WHAT TO DO. Output exactly the line containing "[엄지척]반팔 쉬폰 브이넥원피스" and each line after it through the last line of the records, and nothing else.

-------------------------

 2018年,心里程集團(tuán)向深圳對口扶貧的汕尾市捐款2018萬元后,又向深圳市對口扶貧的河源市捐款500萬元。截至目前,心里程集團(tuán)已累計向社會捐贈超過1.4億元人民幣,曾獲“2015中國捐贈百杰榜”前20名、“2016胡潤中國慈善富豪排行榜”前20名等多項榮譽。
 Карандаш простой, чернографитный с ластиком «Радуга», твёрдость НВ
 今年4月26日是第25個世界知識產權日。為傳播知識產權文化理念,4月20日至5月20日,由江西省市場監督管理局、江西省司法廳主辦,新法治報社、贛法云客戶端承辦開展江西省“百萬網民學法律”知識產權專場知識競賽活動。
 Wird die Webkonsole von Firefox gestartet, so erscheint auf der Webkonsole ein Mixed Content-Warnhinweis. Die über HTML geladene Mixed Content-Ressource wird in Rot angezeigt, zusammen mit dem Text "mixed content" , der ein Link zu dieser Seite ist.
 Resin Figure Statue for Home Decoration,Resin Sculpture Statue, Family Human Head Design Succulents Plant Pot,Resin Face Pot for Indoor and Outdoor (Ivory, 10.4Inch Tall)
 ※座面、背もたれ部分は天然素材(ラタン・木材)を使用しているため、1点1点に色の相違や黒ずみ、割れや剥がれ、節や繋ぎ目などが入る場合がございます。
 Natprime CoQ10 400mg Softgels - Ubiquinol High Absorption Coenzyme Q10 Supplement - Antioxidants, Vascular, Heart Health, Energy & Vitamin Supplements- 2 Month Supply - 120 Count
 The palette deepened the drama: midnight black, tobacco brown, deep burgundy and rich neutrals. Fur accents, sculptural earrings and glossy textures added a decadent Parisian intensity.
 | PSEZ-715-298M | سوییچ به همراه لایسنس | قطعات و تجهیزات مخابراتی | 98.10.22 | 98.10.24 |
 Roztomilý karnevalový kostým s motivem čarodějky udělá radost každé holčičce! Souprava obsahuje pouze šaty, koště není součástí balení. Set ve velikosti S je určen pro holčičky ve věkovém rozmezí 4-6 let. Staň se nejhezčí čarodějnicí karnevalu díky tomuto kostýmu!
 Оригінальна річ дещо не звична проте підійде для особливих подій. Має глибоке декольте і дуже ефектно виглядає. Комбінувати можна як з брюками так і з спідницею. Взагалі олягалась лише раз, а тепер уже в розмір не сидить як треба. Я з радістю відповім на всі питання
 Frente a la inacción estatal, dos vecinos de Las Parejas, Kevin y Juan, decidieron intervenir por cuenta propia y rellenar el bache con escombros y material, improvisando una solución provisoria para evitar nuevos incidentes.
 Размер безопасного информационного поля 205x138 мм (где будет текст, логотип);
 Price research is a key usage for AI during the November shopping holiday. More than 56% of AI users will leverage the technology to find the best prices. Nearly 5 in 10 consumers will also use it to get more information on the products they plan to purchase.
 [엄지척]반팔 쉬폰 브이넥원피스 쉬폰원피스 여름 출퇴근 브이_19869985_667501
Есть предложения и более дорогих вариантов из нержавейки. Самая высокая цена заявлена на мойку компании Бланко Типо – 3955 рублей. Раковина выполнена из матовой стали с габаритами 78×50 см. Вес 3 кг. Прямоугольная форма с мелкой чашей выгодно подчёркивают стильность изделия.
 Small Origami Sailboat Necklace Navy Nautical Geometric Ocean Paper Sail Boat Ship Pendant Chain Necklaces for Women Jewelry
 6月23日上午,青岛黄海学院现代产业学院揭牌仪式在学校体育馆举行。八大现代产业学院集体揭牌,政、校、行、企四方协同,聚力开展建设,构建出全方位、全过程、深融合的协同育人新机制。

-------------------------

TASK RESULT.
 [엄지척]반팔 쉬폰 브이넥원피스 쉬폰원피스 여름 출퇴근 브이_19869985_667501
Есть предложения и более дорогих вариантов из нержавейки. Самая высокая цена заявлена на мойку компании Бланко Типо – 3955 рублей. Раковина выполнена из матовой стали с габаритами 78×50 см. Вес 3 кг. Прямоугольная форма с мелкой чашей выгодно подчёркивают стильность изделия.
 Small Origami Sailboat Necklace Navy Nautical Geometric Ocean Paper Sail Boat Ship Pendant Chain Necklaces for Women Jewelry
 6月23日上午,青岛黄海学院现代产业学院揭牌仪式在学校体育馆举行。八大现代产业学院集体揭牌,政、校、行、企四方协同,聚力开展建设,构建出全方位、全过程、深融合的协同育人新机制。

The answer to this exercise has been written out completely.